Gone are the days of a simple handshake symbolising an agreement. As our laws and markets have become more complex so too have our documents. Understanding what your documents mean is a crucial part of being in control of your company. And for investors - understanding what your rights and responsibilities are can give you the confidence (or the warning signs) that influence your choice to invest in a company. Vesting and drag-along agreements are vital components to your shareholders agreement and outline when you actually ‘own’ your shares and under what conditions you may be forced to sell them. Today, we outline them both for you.

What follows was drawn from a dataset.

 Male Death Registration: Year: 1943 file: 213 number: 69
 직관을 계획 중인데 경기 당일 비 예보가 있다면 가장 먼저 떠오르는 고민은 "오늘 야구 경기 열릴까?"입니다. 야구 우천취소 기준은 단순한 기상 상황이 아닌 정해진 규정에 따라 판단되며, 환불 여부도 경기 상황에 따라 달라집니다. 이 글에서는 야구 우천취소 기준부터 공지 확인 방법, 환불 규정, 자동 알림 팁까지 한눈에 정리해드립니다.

Vesting is an important way of retaining shareholders over time, giving you the opportunity to fundraise with greater security. Put simply, shares that you buy you only get to ‘own’ after a period of time. The shares are often lumped into separate stages: say after one year you may own 20% of your shares and after another year you get another 20%. Shares that you own are vested shares. Shares that you have bought but do not yet ‘own’ are unvested shares. Essentially, those unvested shares are reserved for you, but you cannot yet control what you do with them. Vested shares belong entirely to the shareholder, and can be sold at their will. Unvested shares still technically belong to the shareholder, but cannot be acted on until the set period of time has elapsed. Shareholders are incentivised to keep their unvested shares, as if they forfeit them, they must sell them back to the company at their nominal value, which leaves them unable to profit. Vesting therefore operates as a safety net for employees or shareholders leaving the company, which is a security mechanism for periods of growth.

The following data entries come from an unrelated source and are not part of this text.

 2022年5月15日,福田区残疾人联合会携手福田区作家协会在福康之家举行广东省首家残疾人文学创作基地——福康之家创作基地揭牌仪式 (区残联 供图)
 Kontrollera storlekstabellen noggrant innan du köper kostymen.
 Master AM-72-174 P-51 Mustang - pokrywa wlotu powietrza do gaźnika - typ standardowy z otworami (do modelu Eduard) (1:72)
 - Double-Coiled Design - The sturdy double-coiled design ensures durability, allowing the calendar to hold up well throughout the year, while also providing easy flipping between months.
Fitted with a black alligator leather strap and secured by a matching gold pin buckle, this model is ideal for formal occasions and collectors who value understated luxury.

Vesting is important symbolically as well as financially, for two main reasons:
- It shows commitment to the company. When a founder is willing to vest shares, it indicates they are committed to the startup's success, which in turn can be a mechanism to get more investors on board.

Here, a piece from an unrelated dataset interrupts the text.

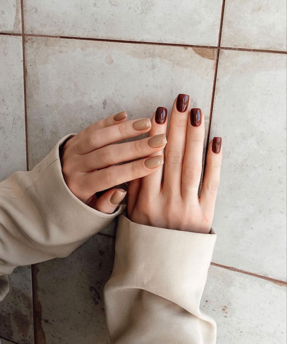 Маникюр в коричневых тонах - классический выбор на осень. Красота коричневого цвета заключается в его универсальности, позволяющей сочетать его с другими оттенками из осенней палитры. Коричневый маникюр прекрасен как на коротких, так и на длинных ногтях. Коричневые ногти смотрятся стильно и создают атмосферу осени.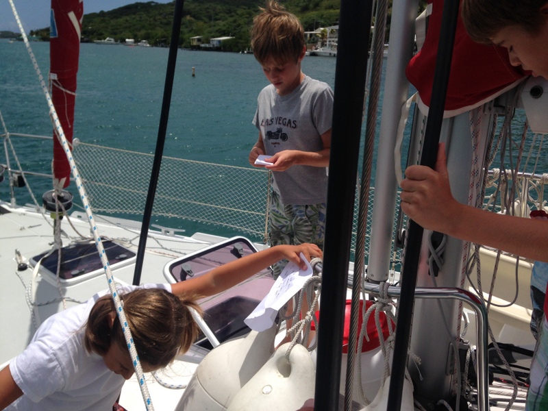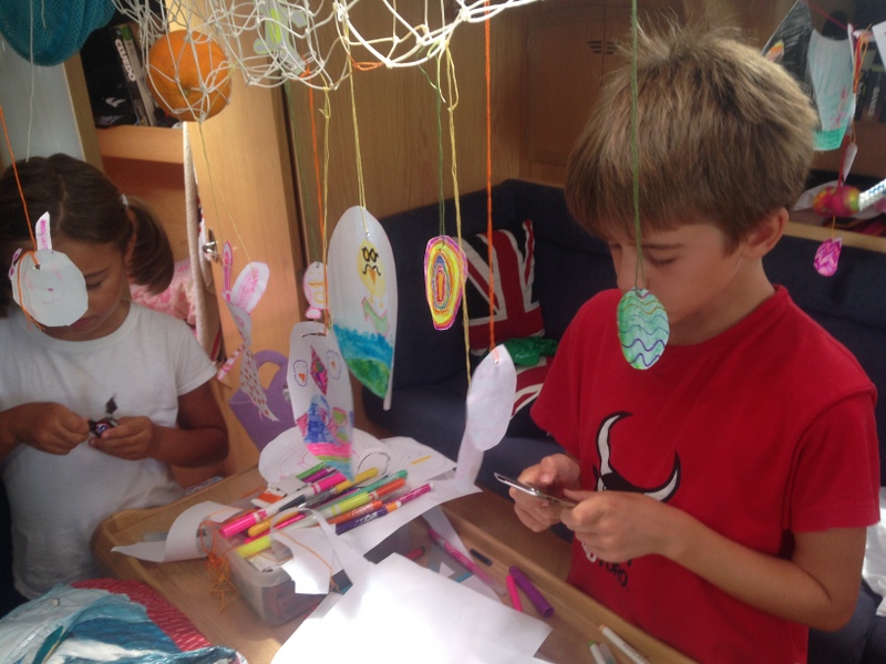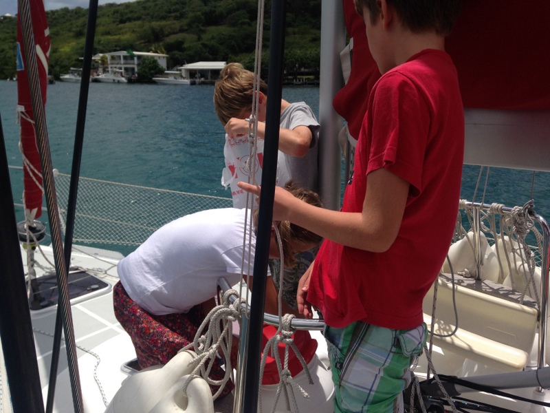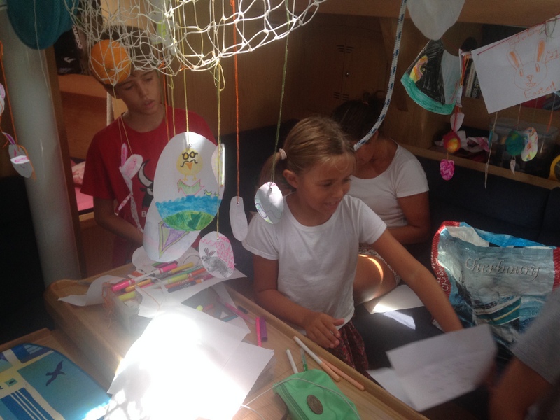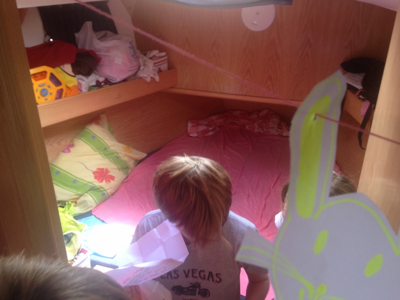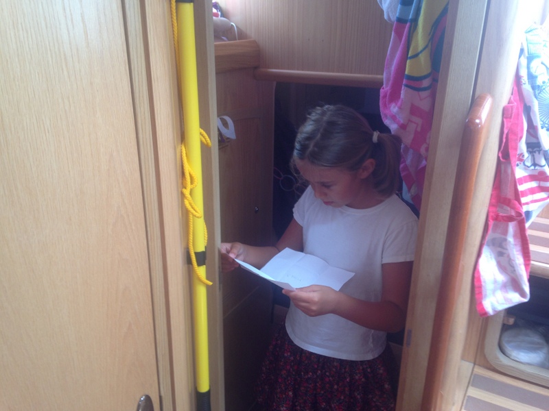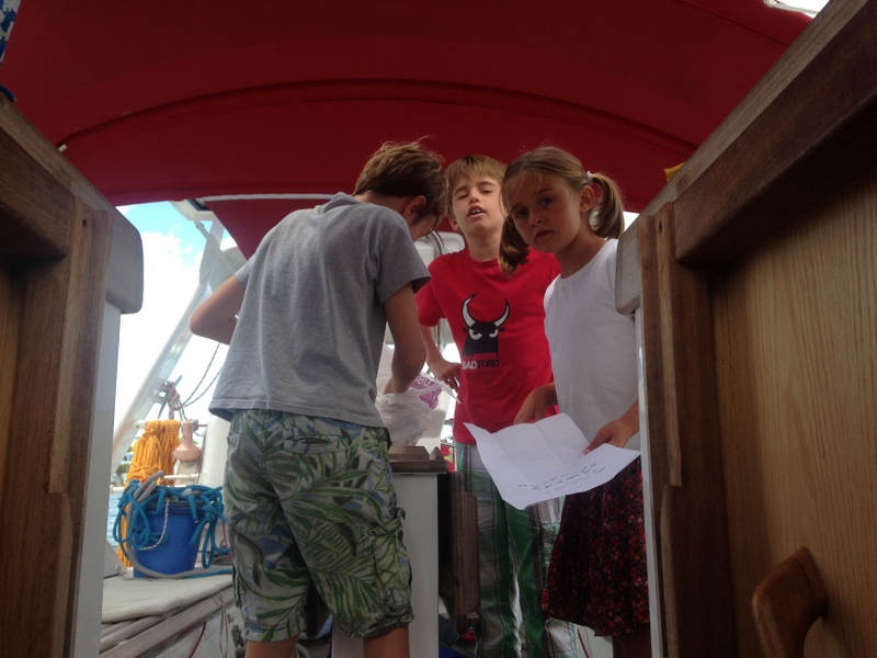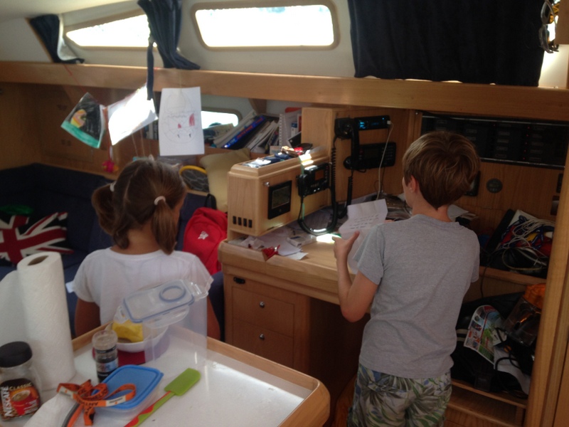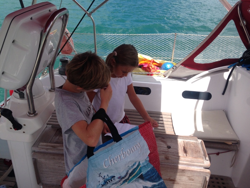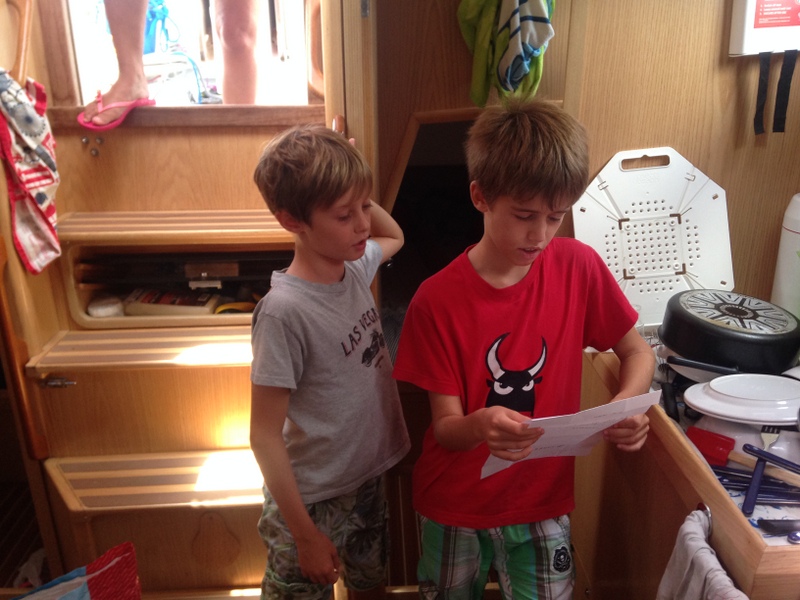Très important: faire une liste de stockage d’ingrédients pour savoir où ils sont. Il y a tellement de choses qu ‘on oublie ou elles sont, du genre où sont les boîtes de baked beans pour aller avec la baked potato? Et quand le bateau bouge, roule et tangue, ce n’est pas toujours drôle de commencer à tout soulever et tout sortir des coffres pour trouver LA nouvelle bouteille de ketchup. A vrai dire, pour être honnête, je n’ai pas fait de liste. En rétrospective, j’aurais du. Je le savais avant de partir mais c’est juste plus fort que moi!…(seuls les gens organisés font des listes et malheureusement, je ne suis pas de ceux-là). Heureusement que je n’ai pas le mal de mer car j’ai souvent passé la tête à l’envers pour chercher.

- It builds loyalty. Keeping employees and shareholders involved in your startup long term is not only a positive indicator to prospective investors, but also demonstrates loyalty to those who have stuck around through the early stages of growth.
The words ‘drag-along’ paint a harsh picture of shareholders being forced into undesirable positions within the company, but despite its name, the drag-along agreement is key to future-proofing your startup. If a large investor or bidder comes along and offers to buy out the entire company, the majority shareholders (those who hold more than 50% of the shares), can control what options the minority shareholders have. If those majority shareholders agree to sell their shares, the minority shareholders are ‘dragged along’ with that decision and must also sell their shares to the incoming bidder. There are typically measures to safeguard these minority shareholders, such as ensuring that their shares are sold on the same terms as the majority shareholders.
Having this agreement ensures that a life-changing opportunity of a new investor is not obstructed by too many moving parts - such as a large number of minority shareholders who pose a small but annoying resistance to the sale of a company. In a worst case scenario, just one reluctant minority shareholder could jeopardise a major offer from a third party looking to buy the entire company.
Understanding how your shares and company works is integral to its success. Above all, ensuring transparency in how shareholder rights are communicated to all parties could save you a lot of time when a big opportunity comes knocking.